She´s still walking and eating and snarling at Tim and barking when anyone comes to the gate. She still puts a paw on me when it´s time for a scratching. She´s still enjoying life.

But she knows, and we know, she´s not the dog she used to be, not since last November. That´s when she and Tim simultaneously leapt from the back of the car after an expedition and Tim landed smack on top of her, twisting her rear left leg beneath her.

No more long walks along the canal. No more rodent-digging in the Promised Land, or long leaps over ditches. Just short walks in the cool morning.

The first vet said it would get better, but it did not.
Another vet, a month later, said we should´ve done something right away.
And now the third vet, the specialist in Leon, said it´s been re-injured too many times. She didn´t keep still and quiet long enough for the initial injury to heal up, and she kept hurting it over and over. And that´s how the cancer got started.

Una´s about six years old. She is a terrier-Dalmatian mongrel who showed up at our house outside Pittsburgh on September 1, 2003 -- the first day of Paddy´s official retirement, and two months after we married one another. She was still a pup, completely untrained and unmannerly, more of a crocodile than a dog. She gave him much to do with his first few months alone in a post-industrial rural area called Jeannette, Pennsylvania. They drove each other up the wall sometimes, and forged a close bond.

I wasn´t so easily won. I was the "bad cop" to his "good cop," I disciplined her and taught her that walking on the kitchen counters is not a good idea, and that groundhogs and wild turkeys and small children are not toys. And even though I was the hard-ass, (or maybe because I was,) she decided she loved me best.

She still is street dog, a barely-domesticated creature who´d just as gladly dine from a dumpster as a demitasse.

She adapted to life with ferrets, llamas, ponies, cats, chickens, other dogs, pilgrims, and other animals. She moved with us three times, one of those involving an 18-hour international airplane trek. But she´s had it good.

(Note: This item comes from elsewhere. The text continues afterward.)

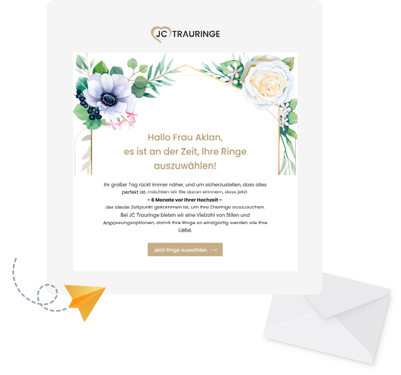 Aufbau automatisierter Customer Journeys mit personalisierten Touchpoints. Ring-Reminder-Kampagne mit Abfrage des Hochzeitsdatums und mehreren Follow-up-Mails zu wichtigen Meilensteinen.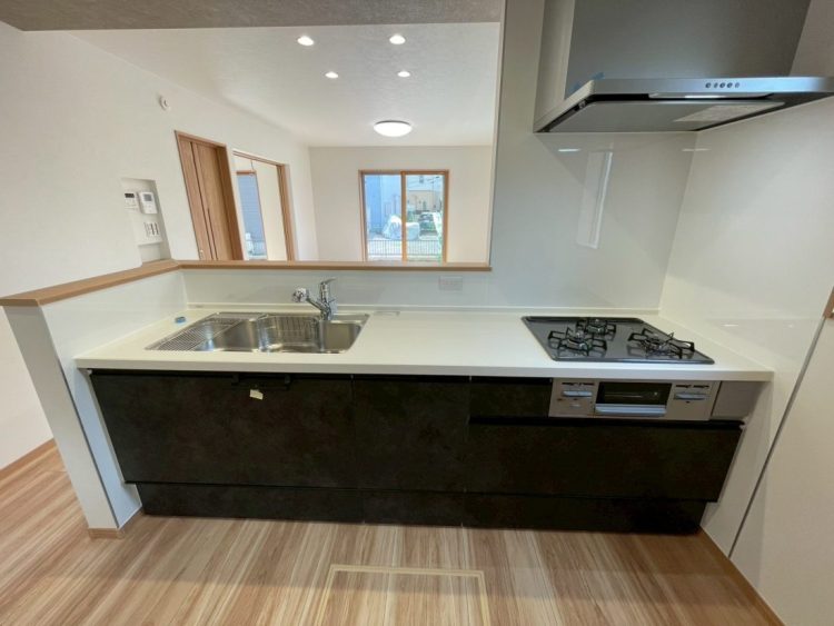 キッチン|広いワークっとプで作業のしやすいキッチンです♪落ち着いた色合いがおしゃれです!

She has hunted raccoons and possums in the semi-wild state parks of Pennsylvania, and field mice on the Spanish meseta, and house-mice everywhere in between... she´s a terrier, and lives to stalk wily rodents. She´s leapt snowdrifts and dodged lightning bolts and baked her hide in the sun of two continents. She´s begged for scraps at the best tables, and rested her chin on the knees of sages and wandering bums.

We don´t know how long she´s got, but we´ll spend the fortune it takes to buy her painkillers.
The vet says we will know when it is time to say goodbye.

And meantime we can only scratch her spotted belly, and slip her bits of meat, and say soft words to her.

And we can cry.

Tuesday, 30 June 2009

Cosmic Welcome-Wave Phase Generator online, cap´n

Something weird is going on. No one can tell me it´s only coincidence.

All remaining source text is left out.